_Supplied data:_
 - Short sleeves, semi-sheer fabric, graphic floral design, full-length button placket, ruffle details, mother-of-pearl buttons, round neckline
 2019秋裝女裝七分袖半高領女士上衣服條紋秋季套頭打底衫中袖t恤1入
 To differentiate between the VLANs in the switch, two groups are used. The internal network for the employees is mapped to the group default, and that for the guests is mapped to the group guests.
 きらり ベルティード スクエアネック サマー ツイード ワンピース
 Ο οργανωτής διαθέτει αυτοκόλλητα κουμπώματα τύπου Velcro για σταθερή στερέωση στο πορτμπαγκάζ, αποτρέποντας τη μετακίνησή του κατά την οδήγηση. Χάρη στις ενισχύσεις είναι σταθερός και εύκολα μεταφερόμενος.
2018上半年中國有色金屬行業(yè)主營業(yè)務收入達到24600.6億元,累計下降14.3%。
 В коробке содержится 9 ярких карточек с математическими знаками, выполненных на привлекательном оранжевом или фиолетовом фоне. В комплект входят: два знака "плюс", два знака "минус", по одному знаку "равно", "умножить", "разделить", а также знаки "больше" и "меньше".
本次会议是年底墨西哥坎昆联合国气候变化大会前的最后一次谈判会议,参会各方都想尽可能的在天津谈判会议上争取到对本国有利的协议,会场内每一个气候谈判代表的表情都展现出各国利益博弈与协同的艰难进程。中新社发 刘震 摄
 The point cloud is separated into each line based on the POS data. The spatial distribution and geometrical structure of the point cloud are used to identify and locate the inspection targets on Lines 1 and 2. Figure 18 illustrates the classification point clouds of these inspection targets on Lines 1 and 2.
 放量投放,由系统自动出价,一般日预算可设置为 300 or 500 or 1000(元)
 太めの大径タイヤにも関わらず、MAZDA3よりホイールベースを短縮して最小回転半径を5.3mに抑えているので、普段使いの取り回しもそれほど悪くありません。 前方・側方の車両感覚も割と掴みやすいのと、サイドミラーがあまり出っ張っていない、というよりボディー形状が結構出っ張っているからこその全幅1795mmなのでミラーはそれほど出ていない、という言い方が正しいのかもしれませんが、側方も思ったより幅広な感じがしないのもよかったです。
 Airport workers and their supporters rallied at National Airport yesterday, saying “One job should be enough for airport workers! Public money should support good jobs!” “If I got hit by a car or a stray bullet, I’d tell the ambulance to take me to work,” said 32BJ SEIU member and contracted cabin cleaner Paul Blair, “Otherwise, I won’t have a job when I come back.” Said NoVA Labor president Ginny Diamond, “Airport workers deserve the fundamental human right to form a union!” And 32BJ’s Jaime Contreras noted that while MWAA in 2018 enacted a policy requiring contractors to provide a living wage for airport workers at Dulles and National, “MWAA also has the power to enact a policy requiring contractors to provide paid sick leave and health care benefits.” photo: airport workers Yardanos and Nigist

_What needs to be done:_ In the answer, the listing above should be restated word for word.

_Result for this task:_
 - Short sleeves, semi-sheer fabric, graphic floral design, full-length button placket, ruffle details, mother-of-pearl buttons, round neckline
 2019秋裝女裝七分袖半高領女士上衣服條紋秋季套頭打底衫中袖t恤1入
 To differentiate between the VLANs in the switch, two groups are used. The internal network for the employees is mapped to the group default, and that for the guests is mapped to the group guests.
 きらり ベルティード スクエアネック サマー ツイード ワンピース
 Ο οργανωτής διαθέτει αυτοκόλλητα κουμπώματα τύπου Velcro για σταθερή στερέωση στο πορτμπαγκάζ, αποτρέποντας τη μετακίνησή του κατά την οδήγηση. Χάρη στις ενισχύσεις είναι σταθερός και εύκολα μεταφερόμενος.
2018上半年中國有色金屬行業(yè)主營業(yè)務收入達到24600.6億元,累計下降14.3%。
 В коробке содержится 9 ярких карточек с математическими знаками, выполненных на привлекательном оранжевом или фиолетовом фоне. В комплект входят: два знака "плюс", два знака "минус", по одному знаку "равно", "умножить", "разделить", а также знаки "больше" и "меньше".
本次会议是年底墨西哥坎昆联合国气候变化大会前的最后一次谈判会议,参会各方都想尽可能的在天津谈判会议上争取到对本国有利的协议,会场内每一个气候谈判代表的表情都展现出各国利益博弈与协同的艰难进程。中新社发 刘震 摄
 The point cloud is separated into each line based on the POS data. The spatial distribution and geometrical structure of the point cloud are used to identify and locate the inspection targets on Lines 1 and 2. Figure 18 illustrates the classification point clouds of these inspection targets on Lines 1 and 2.
 放量投放,由系统自动出价,一般日预算可设置为 300 or 500 or 1000(元)
 太めの大径タイヤにも関わらず、MAZDA3よりホイールベースを短縮して最小回転半径を5.3mに抑えているので、普段使いの取り回しもそれほど悪くありません。 前方・側方の車両感覚も割と掴みやすいのと、サイドミラーがあまり出っ張っていない、というよりボディー形状が結構出っ張っているからこその全幅1795mmなのでミラーはそれほど出ていない、という言い方が正しいのかもしれませんが、側方も思ったより幅広な感じがしないのもよかったです。
 Airport workers and their supporters rallied at National Airport yesterday, saying “One job should be enough for airport workers! Public money should support good jobs!” “If I got hit by a car or a stray bullet, I’d tell the ambulance to take me to work,” said 32BJ SEIU member and contracted cabin cleaner Paul Blair, “Otherwise, I won’t have a job when I come back.” Said NoVA Labor president Ginny Diamond, “Airport workers deserve the fundamental human right to form a union!” And 32BJ’s Jaime Contreras noted that while MWAA in 2018 enacted a policy requiring contractors to provide a living wage for airport workers at Dulles and National, “MWAA also has the power to enact a policy requiring contractors to provide paid sick leave and health care benefits.” photo: airport workers Yardanos and Nigist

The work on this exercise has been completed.